We next determined the effects of PfPMV truncation on its subcellular localization within the parasite, as well as on the trafficking of other exported proteins in cycle 0. Immunofluorescence analysis (IFA) showed that, as expected, PMV-HA showed a perinuclear localisation in schizonts of control PMV-C5 parasites but the signal was lost in RAP-treated parasites (Fig 4B). Mock- and RAP-treated PMV-C5 parasites were also probed with anti-MSP1 and anti-KAHRP2 antibodies, as well as antibodies to another exported protein, HRP2. The localization and intensity of the MSP1 signal and the KHARP signal did not alter upon RAP-treatment, correlating well with the western blot analysis. The HRP2 signal remained detectable in both control and the RAP-treated parasites, but in contrast to the other proteins examined, the fluorescence intensity of the HRP2 signal was substantially decreased in RAP-treated parasites, suggesting a partial effect of PMV depletion on HRP2 trafficking (Fig 4B). Together, these data confirmed the loss of PMV-HA in RAP-treated parasites whilst indicating that both exported proteins (KAHRP and HRP2) and merozoite surface proteins still localised correctly in cycle 0. However, the decreased HRP2 signal intensity was consistent with a partial impact on protein export in cycle 0.
Discussion
Malarial proteolytic enzymes play regulatory and effector roles in multiple key biological processes in this important pathogen and have long been of interest as potential drug targets. In this study, we have shown for the first time that functional ablation of the pfpmv gene leads to a block at the ring-to-trophozoite transition and failure of the parasite to proliferate. To achieve this, we employed the robust conditional DiCre approach in combination with Cas9-induced gene modification. This system provides a rapid and efficient means of generating transgenic parasites as well as enabling complete disruption of the gene of interest [35, 36]. Our genetic strategy also incorporated a method to permit the selection of parasites in which genomic integration of the input constructs had taken place, termed selection-linked integration (SLI), previously developed by Birnbaum et al [32]. For this, our repair plasmid contained an SLI-resistance marker (neomycin phosphotransferase), which was linked to the modified pfpmv gene separated by a 2A ‘skip’ peptide [37, 38]. This approach allows selection for correct integration using neomycin selection. In our case, with the assistance of Cas9-mediated integration we in fact did not need to use neomycin selection in our experiments to select for correct integration. However, our plasmids could be useful for future genetic complementation studies since the neo-R gene is removed upon DiCre-mediated excision, effectively recycling the marker for subsequent use.

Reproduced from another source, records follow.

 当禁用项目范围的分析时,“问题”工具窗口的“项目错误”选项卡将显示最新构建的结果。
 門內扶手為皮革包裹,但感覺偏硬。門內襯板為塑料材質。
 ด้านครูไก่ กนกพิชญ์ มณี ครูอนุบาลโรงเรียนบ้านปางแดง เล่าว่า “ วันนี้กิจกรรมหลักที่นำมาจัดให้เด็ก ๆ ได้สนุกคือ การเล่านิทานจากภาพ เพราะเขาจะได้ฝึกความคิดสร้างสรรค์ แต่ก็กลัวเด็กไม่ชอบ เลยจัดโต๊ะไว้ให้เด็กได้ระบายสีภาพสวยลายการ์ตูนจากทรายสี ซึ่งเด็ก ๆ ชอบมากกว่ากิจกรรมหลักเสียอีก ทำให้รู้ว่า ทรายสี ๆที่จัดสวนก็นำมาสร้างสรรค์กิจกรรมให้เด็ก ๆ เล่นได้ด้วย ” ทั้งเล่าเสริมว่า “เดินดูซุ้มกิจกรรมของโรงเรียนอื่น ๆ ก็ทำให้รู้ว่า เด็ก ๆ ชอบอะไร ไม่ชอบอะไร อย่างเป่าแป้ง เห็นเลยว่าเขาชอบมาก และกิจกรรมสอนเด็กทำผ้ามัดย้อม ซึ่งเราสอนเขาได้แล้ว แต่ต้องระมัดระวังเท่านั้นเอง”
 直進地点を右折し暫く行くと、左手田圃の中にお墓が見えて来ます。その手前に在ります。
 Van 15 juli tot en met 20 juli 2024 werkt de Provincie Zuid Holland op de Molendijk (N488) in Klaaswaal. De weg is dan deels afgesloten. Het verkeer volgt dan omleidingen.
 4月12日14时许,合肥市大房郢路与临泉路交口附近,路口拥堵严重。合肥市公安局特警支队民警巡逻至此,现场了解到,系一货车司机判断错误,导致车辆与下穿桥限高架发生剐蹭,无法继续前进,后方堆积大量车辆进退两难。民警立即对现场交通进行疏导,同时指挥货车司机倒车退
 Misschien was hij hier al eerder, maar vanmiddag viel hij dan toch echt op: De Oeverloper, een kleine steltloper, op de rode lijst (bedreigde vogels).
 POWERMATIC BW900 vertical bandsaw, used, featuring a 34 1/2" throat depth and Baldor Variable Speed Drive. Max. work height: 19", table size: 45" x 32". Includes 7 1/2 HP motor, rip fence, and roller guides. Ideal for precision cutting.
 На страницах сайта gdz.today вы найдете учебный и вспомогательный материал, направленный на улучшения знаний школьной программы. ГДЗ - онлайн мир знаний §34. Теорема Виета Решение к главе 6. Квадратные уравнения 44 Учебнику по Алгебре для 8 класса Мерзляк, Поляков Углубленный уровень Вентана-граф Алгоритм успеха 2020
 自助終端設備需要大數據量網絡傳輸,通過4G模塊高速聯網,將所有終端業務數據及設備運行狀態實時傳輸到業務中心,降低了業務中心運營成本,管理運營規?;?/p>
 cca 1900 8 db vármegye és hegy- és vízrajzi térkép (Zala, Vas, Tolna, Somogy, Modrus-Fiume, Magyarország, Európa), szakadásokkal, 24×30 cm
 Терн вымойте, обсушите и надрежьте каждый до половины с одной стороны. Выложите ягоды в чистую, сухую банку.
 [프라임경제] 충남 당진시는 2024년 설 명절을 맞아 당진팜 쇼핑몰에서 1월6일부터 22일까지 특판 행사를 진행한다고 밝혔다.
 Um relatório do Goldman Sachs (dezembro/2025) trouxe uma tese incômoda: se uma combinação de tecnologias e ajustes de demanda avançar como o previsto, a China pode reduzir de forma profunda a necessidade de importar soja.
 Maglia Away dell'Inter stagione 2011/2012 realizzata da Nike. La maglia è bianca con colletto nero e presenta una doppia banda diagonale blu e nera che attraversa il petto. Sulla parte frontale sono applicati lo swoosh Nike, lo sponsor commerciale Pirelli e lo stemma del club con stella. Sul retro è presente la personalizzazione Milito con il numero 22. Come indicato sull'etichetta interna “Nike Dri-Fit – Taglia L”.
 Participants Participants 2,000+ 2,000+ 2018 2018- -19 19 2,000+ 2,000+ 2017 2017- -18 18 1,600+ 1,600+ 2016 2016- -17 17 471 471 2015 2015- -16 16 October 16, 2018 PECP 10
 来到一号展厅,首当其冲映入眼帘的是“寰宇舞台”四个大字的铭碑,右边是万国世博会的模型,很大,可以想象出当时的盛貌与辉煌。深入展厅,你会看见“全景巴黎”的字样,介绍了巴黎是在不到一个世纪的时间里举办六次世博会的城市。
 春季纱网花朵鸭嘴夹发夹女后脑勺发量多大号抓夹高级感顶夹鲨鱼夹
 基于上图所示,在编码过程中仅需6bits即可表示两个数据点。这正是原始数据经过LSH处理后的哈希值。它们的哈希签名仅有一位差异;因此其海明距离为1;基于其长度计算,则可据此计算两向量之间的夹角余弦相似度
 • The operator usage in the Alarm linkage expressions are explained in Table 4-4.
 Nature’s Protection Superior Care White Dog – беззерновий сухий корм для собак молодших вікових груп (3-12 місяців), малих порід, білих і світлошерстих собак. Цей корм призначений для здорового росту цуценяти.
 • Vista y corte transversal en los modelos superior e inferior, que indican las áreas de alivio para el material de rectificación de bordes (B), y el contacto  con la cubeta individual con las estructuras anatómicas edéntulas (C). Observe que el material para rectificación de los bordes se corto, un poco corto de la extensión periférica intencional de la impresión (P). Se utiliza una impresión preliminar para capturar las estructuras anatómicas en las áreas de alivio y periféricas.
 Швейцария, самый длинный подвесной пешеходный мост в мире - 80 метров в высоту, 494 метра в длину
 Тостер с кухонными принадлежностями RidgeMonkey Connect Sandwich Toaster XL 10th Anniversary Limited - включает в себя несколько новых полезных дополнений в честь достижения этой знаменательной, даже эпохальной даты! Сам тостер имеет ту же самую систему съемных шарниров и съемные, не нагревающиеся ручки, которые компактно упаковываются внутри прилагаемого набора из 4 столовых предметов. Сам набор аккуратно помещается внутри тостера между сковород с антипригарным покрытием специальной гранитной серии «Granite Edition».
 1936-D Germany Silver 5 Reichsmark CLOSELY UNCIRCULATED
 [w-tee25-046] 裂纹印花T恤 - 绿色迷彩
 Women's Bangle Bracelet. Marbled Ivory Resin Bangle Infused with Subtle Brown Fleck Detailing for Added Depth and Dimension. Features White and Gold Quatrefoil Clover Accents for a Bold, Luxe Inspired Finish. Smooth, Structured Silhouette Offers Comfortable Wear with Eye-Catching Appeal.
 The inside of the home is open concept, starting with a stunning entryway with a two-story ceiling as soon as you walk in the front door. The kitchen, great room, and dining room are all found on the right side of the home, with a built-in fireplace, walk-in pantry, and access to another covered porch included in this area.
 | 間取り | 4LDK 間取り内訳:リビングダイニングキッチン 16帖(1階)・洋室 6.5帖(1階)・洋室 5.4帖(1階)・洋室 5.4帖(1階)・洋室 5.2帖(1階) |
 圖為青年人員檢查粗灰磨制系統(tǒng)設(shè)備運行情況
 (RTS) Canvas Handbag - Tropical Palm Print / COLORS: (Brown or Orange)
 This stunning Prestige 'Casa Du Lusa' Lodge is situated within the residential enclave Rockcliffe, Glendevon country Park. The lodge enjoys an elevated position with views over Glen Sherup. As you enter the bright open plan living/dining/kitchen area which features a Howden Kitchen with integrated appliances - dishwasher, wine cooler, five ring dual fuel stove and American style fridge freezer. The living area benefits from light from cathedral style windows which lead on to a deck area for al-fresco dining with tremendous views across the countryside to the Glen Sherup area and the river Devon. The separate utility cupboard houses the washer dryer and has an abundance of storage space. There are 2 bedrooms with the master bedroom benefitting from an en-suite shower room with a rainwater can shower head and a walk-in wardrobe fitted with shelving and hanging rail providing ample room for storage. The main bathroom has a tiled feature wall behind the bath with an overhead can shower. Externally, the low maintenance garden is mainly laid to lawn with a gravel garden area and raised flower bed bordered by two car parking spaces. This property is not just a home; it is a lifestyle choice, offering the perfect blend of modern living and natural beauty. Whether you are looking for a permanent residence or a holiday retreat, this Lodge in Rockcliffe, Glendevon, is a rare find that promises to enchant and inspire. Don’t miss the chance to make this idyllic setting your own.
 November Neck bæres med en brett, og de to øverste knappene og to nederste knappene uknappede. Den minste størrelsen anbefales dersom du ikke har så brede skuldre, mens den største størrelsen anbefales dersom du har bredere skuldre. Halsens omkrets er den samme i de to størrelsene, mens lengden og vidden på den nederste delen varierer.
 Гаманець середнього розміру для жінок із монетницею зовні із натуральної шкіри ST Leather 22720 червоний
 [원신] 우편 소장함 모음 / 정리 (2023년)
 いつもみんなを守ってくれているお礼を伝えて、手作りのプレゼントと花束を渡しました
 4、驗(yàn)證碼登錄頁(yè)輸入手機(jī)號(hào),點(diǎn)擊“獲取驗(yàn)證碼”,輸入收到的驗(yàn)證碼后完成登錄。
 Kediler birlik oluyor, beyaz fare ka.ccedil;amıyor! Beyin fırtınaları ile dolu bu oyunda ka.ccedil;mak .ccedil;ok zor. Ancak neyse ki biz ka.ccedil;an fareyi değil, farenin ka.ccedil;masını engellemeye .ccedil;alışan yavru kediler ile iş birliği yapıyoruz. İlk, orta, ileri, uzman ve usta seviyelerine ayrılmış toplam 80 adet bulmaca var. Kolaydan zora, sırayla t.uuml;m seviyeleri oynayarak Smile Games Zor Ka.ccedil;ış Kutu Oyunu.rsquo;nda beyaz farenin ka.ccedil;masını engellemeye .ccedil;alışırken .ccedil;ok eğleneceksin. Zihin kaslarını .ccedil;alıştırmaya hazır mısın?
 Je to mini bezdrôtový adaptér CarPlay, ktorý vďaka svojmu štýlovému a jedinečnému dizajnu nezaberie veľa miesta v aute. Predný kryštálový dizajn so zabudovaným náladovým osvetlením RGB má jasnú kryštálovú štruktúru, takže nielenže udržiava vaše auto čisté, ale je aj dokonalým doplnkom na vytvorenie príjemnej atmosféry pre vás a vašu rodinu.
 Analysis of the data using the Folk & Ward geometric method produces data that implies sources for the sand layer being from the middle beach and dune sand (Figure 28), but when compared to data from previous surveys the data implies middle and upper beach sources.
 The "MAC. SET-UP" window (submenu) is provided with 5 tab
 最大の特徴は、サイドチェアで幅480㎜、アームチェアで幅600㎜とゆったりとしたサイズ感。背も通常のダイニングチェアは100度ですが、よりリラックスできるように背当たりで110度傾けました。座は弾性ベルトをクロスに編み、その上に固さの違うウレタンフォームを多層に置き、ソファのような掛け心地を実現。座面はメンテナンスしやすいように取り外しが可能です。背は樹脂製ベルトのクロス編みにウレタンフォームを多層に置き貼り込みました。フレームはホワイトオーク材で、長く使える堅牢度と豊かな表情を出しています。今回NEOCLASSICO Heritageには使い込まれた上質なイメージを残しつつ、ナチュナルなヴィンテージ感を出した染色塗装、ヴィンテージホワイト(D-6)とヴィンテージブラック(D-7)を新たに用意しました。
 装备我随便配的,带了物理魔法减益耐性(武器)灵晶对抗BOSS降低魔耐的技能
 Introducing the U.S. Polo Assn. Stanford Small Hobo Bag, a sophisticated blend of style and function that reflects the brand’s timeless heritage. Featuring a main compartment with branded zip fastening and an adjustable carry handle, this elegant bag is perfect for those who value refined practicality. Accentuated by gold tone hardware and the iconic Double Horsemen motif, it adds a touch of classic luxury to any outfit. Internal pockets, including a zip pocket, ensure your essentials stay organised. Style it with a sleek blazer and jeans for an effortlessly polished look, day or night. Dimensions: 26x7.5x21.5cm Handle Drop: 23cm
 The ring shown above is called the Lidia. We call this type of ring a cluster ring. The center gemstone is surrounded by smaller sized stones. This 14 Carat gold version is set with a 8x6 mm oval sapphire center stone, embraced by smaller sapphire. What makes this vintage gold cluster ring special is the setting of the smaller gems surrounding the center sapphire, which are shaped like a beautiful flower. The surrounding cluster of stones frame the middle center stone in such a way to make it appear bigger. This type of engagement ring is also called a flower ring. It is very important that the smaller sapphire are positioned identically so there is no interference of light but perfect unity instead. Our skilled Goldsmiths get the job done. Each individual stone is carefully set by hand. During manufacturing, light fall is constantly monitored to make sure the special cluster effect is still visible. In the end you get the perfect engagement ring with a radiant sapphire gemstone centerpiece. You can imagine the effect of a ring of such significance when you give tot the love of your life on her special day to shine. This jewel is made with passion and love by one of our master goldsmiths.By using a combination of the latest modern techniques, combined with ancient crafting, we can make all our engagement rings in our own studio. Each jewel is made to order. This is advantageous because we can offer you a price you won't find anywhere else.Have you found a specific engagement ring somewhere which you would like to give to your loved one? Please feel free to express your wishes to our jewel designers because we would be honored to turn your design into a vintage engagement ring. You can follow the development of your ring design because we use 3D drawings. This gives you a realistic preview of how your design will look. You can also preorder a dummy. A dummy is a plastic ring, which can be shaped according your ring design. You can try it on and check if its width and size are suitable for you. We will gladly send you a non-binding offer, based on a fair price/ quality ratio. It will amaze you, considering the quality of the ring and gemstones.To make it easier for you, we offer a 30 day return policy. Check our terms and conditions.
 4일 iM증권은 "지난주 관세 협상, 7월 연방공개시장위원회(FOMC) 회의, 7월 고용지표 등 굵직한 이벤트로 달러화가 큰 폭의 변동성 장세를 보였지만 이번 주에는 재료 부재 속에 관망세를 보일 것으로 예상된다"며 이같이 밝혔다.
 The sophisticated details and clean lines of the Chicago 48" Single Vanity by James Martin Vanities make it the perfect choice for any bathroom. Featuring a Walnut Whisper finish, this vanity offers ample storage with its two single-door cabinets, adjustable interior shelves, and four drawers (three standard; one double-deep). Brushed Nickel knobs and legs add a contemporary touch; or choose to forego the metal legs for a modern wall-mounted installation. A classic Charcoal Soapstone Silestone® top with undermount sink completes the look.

When the PMV-modified parasite clone PMV-C5 was RAP-treated at early ring stage for just 3 h, followed by removal of RAP, parasite development proceeded normally in the first erythrocytic cycle (cycle 0). Whilst expression of most of the parasite proteins examined appeared unaffected, we did observe some impact on expression of the exported parasite protein HRP2. This is reminiscent of previous observations of reductions in expression of PMV substrates following inhibition of PMV [21, 27]. We suspect that the very limited effects of pfpmv disruption on parasite development in cycle 0 may be due to low levels of PMV expression early in cycle 0, perhaps due to transcription early in the erythrocytic cycle prior to gene excision. That low levels of PMV are sufficient to sustain development has also been indicated by previous conditional protein knockdown experiments [27]. Egress and invasion at the end of cycle 0 was not affected in the RAP-treated PMV-C5 parasites; however, parasite development in the next cycle irreversibly stalled early following invasion. This phenotype is very similar to that observed upon treatment with the PMV inhibitor WEHI-916 [27], where the drug-treated parasites showed a growth defect at the ring-to-trophozoite transition from approximately 20 h post-invasion. A similar parasite developmental arrest at ring stage was also observed following conditional ablation of the PTEX component HSP101 [6, 7].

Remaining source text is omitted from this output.